- Assignment
Look below for the line with "V klidné zóně" and the line with "磁屏蔽是用来隔离磁场耦合的措". Copy exactly those two lines and every line between, but not the pictures.

START Provided data

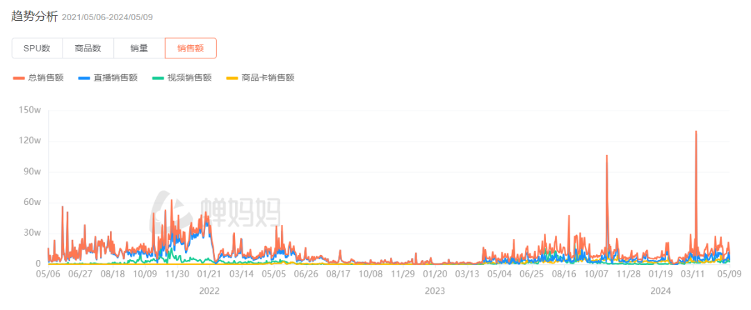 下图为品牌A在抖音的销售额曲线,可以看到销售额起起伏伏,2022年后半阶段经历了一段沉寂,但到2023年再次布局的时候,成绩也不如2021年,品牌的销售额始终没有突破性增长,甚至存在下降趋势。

END Provided data
START Provided data

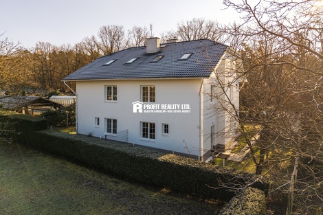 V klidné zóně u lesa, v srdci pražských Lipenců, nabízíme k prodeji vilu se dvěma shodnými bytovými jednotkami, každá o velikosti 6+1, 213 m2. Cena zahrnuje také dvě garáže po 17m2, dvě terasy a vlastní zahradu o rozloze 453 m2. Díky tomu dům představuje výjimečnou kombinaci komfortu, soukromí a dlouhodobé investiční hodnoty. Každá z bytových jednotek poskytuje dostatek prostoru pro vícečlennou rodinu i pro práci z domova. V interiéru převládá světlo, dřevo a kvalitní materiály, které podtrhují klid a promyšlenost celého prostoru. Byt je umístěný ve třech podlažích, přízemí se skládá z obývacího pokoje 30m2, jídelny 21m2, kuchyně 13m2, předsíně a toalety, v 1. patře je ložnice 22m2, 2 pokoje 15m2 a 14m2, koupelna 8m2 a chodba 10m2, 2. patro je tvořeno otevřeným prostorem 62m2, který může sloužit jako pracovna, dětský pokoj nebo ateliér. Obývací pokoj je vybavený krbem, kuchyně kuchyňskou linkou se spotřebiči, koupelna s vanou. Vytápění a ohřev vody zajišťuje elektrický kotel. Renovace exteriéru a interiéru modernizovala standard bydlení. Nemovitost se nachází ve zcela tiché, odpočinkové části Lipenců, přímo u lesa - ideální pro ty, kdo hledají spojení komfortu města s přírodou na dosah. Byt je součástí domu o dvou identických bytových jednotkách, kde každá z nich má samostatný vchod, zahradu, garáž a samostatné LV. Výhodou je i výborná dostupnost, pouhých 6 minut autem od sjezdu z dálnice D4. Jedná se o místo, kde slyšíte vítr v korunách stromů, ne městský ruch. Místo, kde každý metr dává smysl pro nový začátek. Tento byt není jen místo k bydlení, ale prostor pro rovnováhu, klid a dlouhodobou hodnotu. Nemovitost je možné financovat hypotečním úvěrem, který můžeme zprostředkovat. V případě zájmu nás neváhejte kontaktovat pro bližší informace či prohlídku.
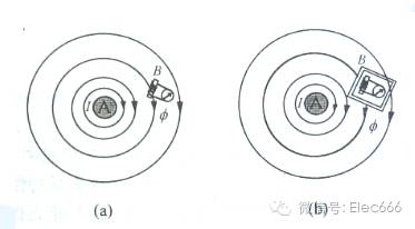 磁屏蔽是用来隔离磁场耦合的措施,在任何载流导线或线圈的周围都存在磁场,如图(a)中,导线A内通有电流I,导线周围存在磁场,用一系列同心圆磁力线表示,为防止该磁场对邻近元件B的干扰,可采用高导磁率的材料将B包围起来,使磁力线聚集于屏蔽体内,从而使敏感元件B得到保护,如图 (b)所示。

END Provided data
START Provided data

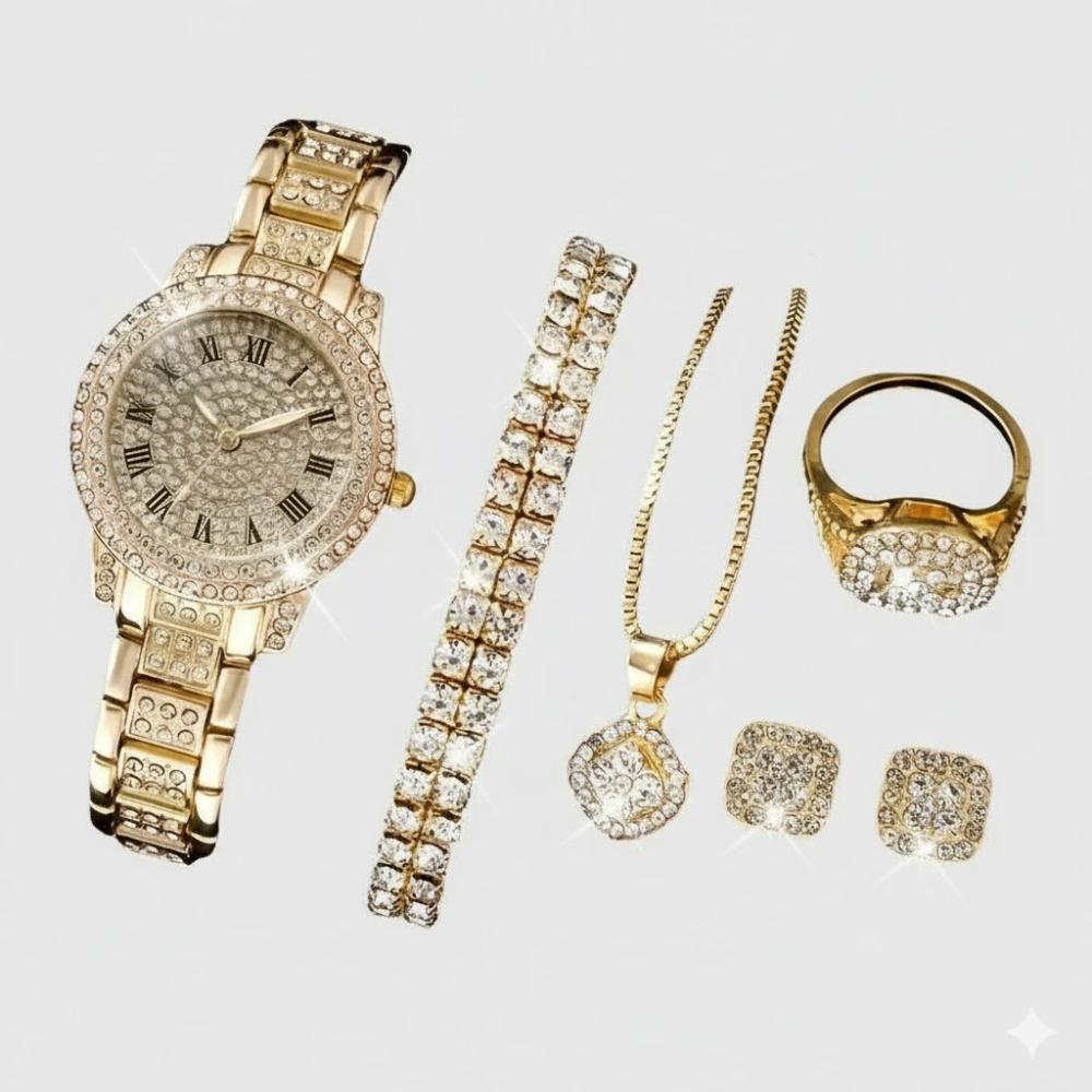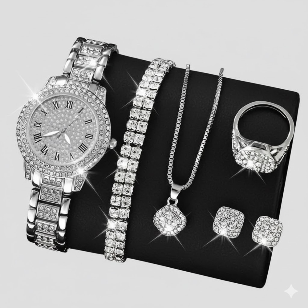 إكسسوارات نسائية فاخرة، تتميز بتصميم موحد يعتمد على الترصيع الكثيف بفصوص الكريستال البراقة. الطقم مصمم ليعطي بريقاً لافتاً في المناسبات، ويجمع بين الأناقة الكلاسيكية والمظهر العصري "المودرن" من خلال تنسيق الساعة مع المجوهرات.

END Provided data

- The answer
 V klidné zóně u lesa, v srdci pražských Lipenců, nabízíme k prodeji vilu se dvěma shodnými bytovými jednotkami, každá o velikosti 6+1, 213 m2. Cena zahrnuje také dvě garáže po 17m2, dvě terasy a vlastní zahradu o rozloze 453 m2. Díky tomu dům představuje výjimečnou kombinaci komfortu, soukromí a dlouhodobé investiční hodnoty. Každá z bytových jednotek poskytuje dostatek prostoru pro vícečlennou rodinu i pro práci z domova. V interiéru převládá světlo, dřevo a kvalitní materiály, které podtrhují klid a promyšlenost celého prostoru. Byt je umístěný ve třech podlažích, přízemí se skládá z obývacího pokoje 30m2, jídelny 21m2, kuchyně 13m2, předsíně a toalety, v 1. patře je ložnice 22m2, 2 pokoje 15m2 a 14m2, koupelna 8m2 a chodba 10m2, 2. patro je tvořeno otevřeným prostorem 62m2, který může sloužit jako pracovna, dětský pokoj nebo ateliér. Obývací pokoj je vybavený krbem, kuchyně kuchyňskou linkou se spotřebiči, koupelna s vanou. Vytápění a ohřev vody zajišťuje elektrický kotel. Renovace exteriéru a interiéru modernizovala standard bydlení. Nemovitost se nachází ve zcela tiché, odpočinkové části Lipenců, přímo u lesa - ideální pro ty, kdo hledají spojení komfortu města s přírodou na dosah. Byt je součástí domu o dvou identických bytových jednotkách, kde každá z nich má samostatný vchod, zahradu, garáž a samostatné LV. Výhodou je i výborná dostupnost, pouhých 6 minut autem od sjezdu z dálnice D4. Jedná se o místo, kde slyšíte vítr v korunách stromů, ne městský ruch. Místo, kde každý metr dává smysl pro nový začátek. Tento byt není jen místo k bydlení, ale prostor pro rovnováhu, klid a dlouhodobou hodnotu. Nemovitost je možné financovat hypotečním úvěrem, který můžeme zprostředkovat. V případě zájmu nás neváhejte kontaktovat pro bližší informace či prohlídku.
 磁屏蔽是用来隔离磁场耦合的措施,在任何载流导线或线圈的周围都存在磁场,如图(a)中,导线A内通有电流I,导线周围存在磁场,用一系列同心圆磁力线表示,为防止该磁场对邻近元件B的干扰,可采用高导磁率的材料将B包围起来,使磁力线聚集于屏蔽体内,从而使敏感元件B得到保护,如图 (b)所示。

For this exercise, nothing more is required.